Try it: Of the entries below, return exactly those lines that fall between the one containing "Unserem aktuellen Bericht" and the one containing "Introducing your baby", the two end lines included.

Data to examine:

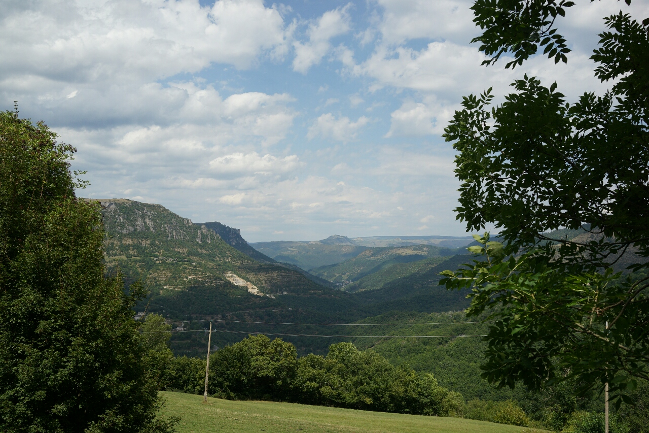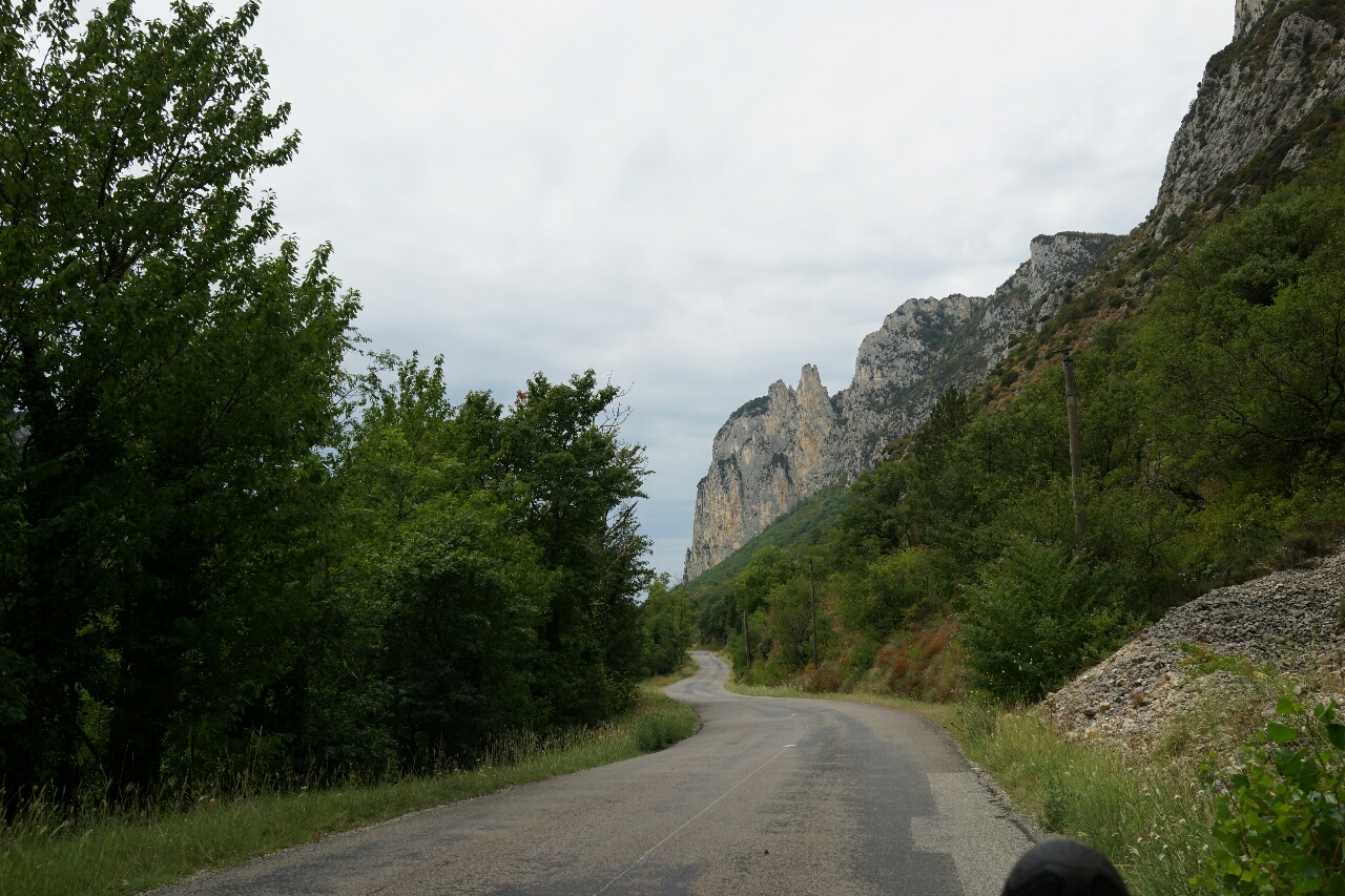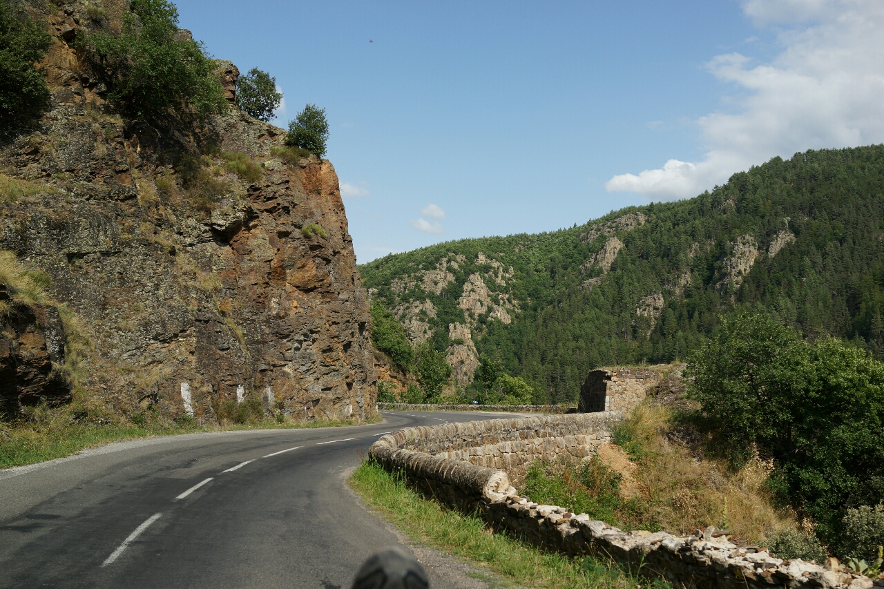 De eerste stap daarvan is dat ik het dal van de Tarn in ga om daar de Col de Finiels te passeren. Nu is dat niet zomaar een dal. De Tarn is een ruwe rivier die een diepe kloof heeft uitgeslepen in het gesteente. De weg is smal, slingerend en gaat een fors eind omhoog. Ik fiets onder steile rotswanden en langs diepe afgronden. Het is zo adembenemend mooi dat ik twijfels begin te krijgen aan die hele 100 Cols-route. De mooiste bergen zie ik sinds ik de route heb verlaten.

...

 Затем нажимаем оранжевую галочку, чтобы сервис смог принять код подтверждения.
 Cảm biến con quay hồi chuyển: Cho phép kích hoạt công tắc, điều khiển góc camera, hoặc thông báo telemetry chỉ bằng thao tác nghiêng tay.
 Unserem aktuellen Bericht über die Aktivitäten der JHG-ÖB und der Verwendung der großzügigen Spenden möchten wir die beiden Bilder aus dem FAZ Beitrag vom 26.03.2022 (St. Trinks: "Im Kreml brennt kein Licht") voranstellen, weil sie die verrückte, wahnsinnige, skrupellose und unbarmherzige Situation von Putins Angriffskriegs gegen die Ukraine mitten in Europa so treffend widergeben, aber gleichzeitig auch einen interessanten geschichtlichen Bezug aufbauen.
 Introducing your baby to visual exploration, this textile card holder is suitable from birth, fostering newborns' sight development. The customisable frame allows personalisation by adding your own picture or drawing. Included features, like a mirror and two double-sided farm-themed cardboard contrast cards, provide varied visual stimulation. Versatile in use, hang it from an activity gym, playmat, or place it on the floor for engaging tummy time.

...

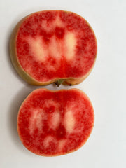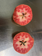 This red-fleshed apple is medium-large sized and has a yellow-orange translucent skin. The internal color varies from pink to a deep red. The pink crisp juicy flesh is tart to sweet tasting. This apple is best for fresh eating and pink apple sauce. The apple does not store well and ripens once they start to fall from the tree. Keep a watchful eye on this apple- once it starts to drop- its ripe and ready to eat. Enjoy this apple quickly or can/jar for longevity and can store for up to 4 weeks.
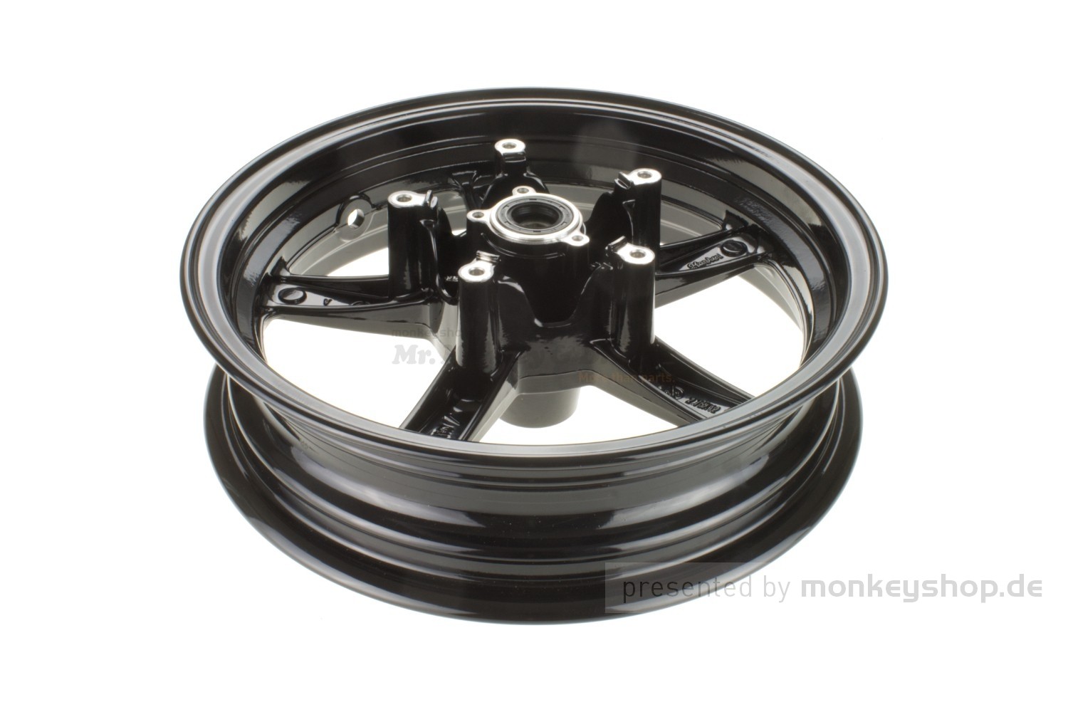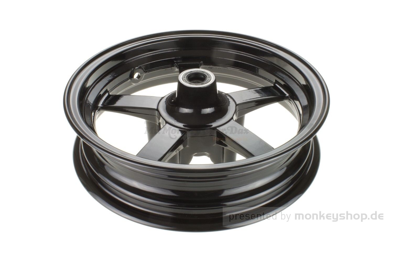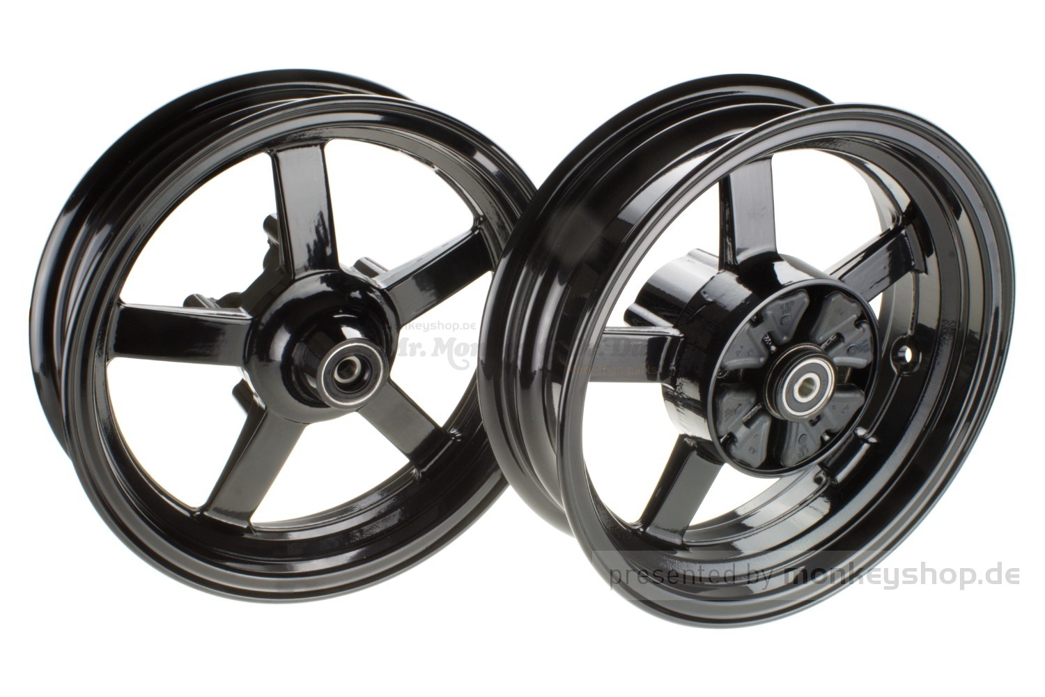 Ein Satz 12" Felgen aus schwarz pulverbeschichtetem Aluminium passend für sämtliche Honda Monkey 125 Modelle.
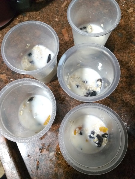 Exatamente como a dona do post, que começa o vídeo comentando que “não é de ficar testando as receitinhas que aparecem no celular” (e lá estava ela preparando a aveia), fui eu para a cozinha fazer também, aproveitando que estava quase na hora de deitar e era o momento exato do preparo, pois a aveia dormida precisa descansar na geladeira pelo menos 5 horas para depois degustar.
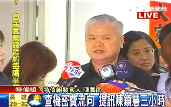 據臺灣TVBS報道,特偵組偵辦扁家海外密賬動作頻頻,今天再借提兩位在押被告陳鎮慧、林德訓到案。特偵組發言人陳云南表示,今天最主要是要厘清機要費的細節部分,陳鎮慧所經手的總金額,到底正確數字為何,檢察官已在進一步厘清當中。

Written answer:
 Unserem aktuellen Bericht über die Aktivitäten der JHG-ÖB und der Verwendung der großzügigen Spenden möchten wir die beiden Bilder aus dem FAZ Beitrag vom 26.03.2022 (St. Trinks: "Im Kreml brennt kein Licht") voranstellen, weil sie die verrückte, wahnsinnige, skrupellose und unbarmherzige Situation von Putins Angriffskriegs gegen die Ukraine mitten in Europa so treffend widergeben, aber gleichzeitig auch einen interessanten geschichtlichen Bezug aufbauen.
 Introducing your baby to visual exploration, this textile card holder is suitable from birth, fostering newborns' sight development. The customisable frame allows personalisation by adding your own picture or drawing. Included features, like a mirror and two double-sided farm-themed cardboard contrast cards, provide varied visual stimulation. Versatile in use, hang it from an activity gym, playmat, or place it on the floor for engaging tummy time.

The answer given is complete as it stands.